The increases themselves shouldn't be unexpected - in part due to the low oil price in conjunction with the fact that the industry is now extremely well established within the country and therefore should be in a phase of adapting to the normal forces of market competition. However, it comes at a time when the Saudi cement industry is - perhaps for the first time ever - facing real competitive pressures. For many years the market has been sold out without any real requirement for the producers to compete with each other, but a number of factors have combined to produce the current situation:

  • The drop in oil prices has led to a slowdown in government backed construction projects leading to a drop in demand
  • High clinker stocks, which stem from the significant quantity of imports of clinker and cement that were mandated in 2013, which may not have truly been required.
  • New capacity coming on stream adding additional supply into the market

Whilst not identical, the industry finally seems to be reaching a stage similar to that which was reached 30 years ago in the developed countries within Europe. Increases in energy costs in the early 1990s lead to two changes within the industry:

  • The introduction of alternative fuels to reduce the fuel cost element of the overall production cost
  • An increased focus on fixed cost - primarily the cost of labour and the cost of maintenance, split down into spare parts cost and maintenance management systems.

Whilst energy prices have increased, they are still very low compared to the rest of the world. So Saudi Arabia may not yet be ready for full scale implementation of alternative fuels; however, manufacturers should be looking at potential sources with the aim of planning ahead for full scale implementation in the near future. With the cement market appearing to be saturated, focus may now move from building more capacity to reducing production costs to maximise profit.

Fixed cost reduction requires specialists who have cement industry experience to identify the required level of personnel and where savings can be made.

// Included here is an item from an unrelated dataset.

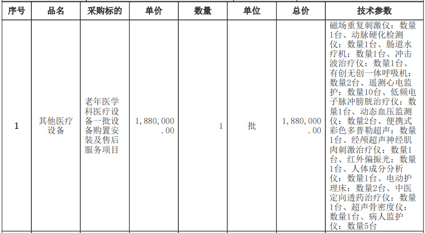 西安醫學院第一附屬醫院老年醫學科醫療設備一批設備購置安裝及售后服務項目招標公告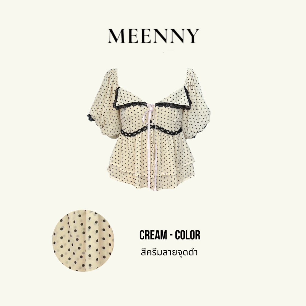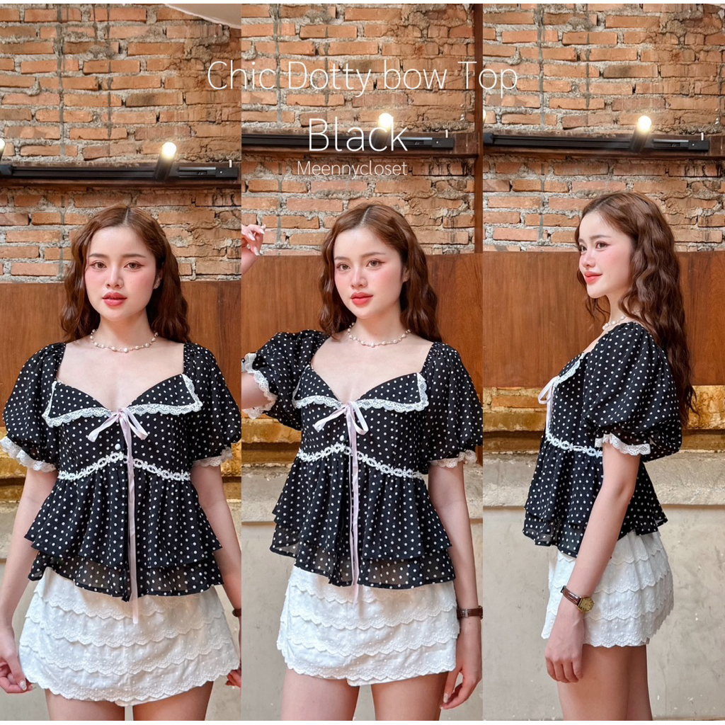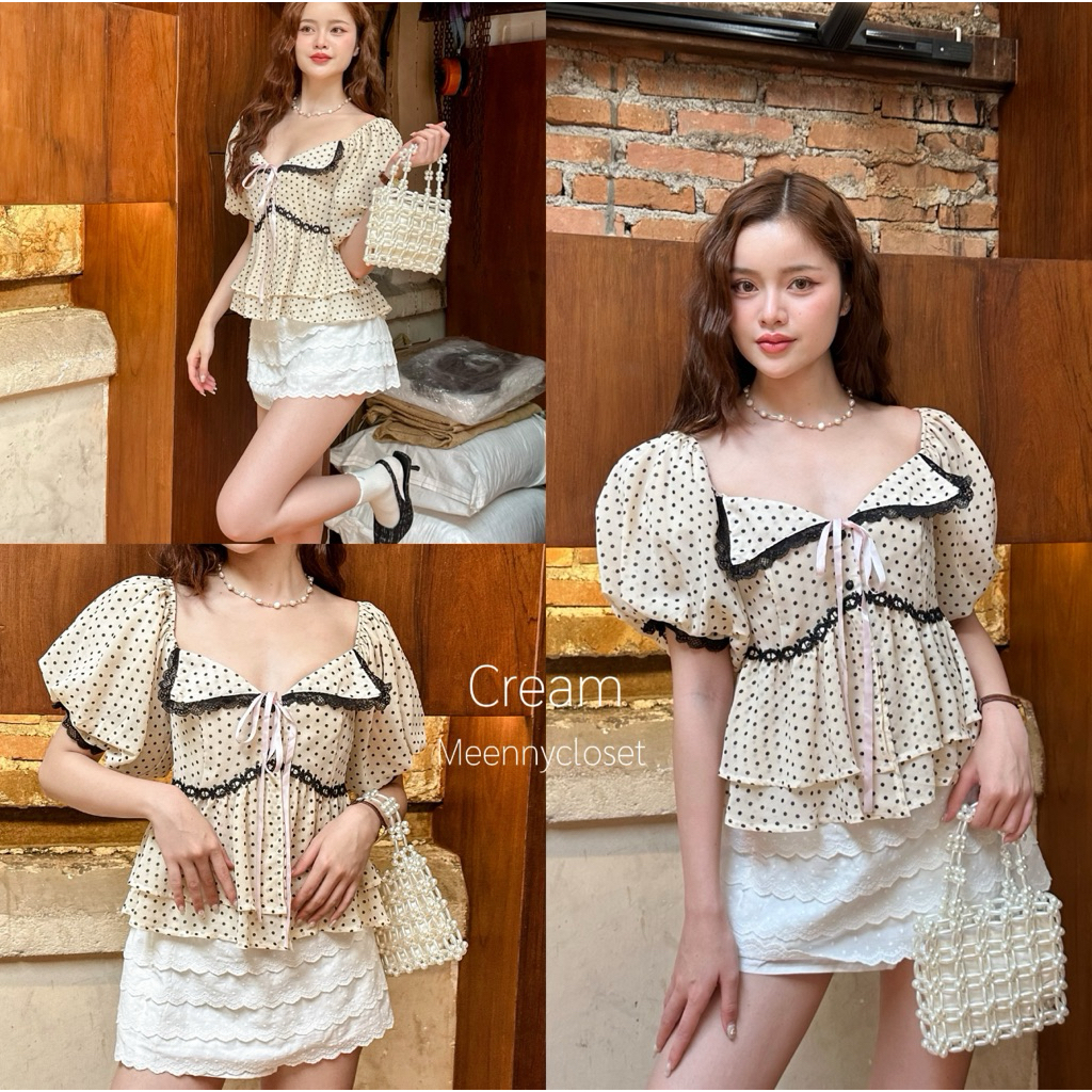 MEENNY Closet | PDL3 Polka Dot Shirt Blouse Women Polka Dot Top With Lace Decoration For Young Ladies

Whilst many multinational consulting firms may make claim to being able to complete such studies, they bring generic models used in a multitude of industries without any focus on the real challenges of operating a cement plant on a day to day basis. In many cases, limited capital investment in technology and changes to working practices can lead to significant savings on manpower. Similarly, stores stock levels can be significantly reduced by a full assessment of the criticality of the parts stocked and purchasing practices and procedures of the company. This results in a short term reduction in spare parts spend and a long term lowering of overall spend.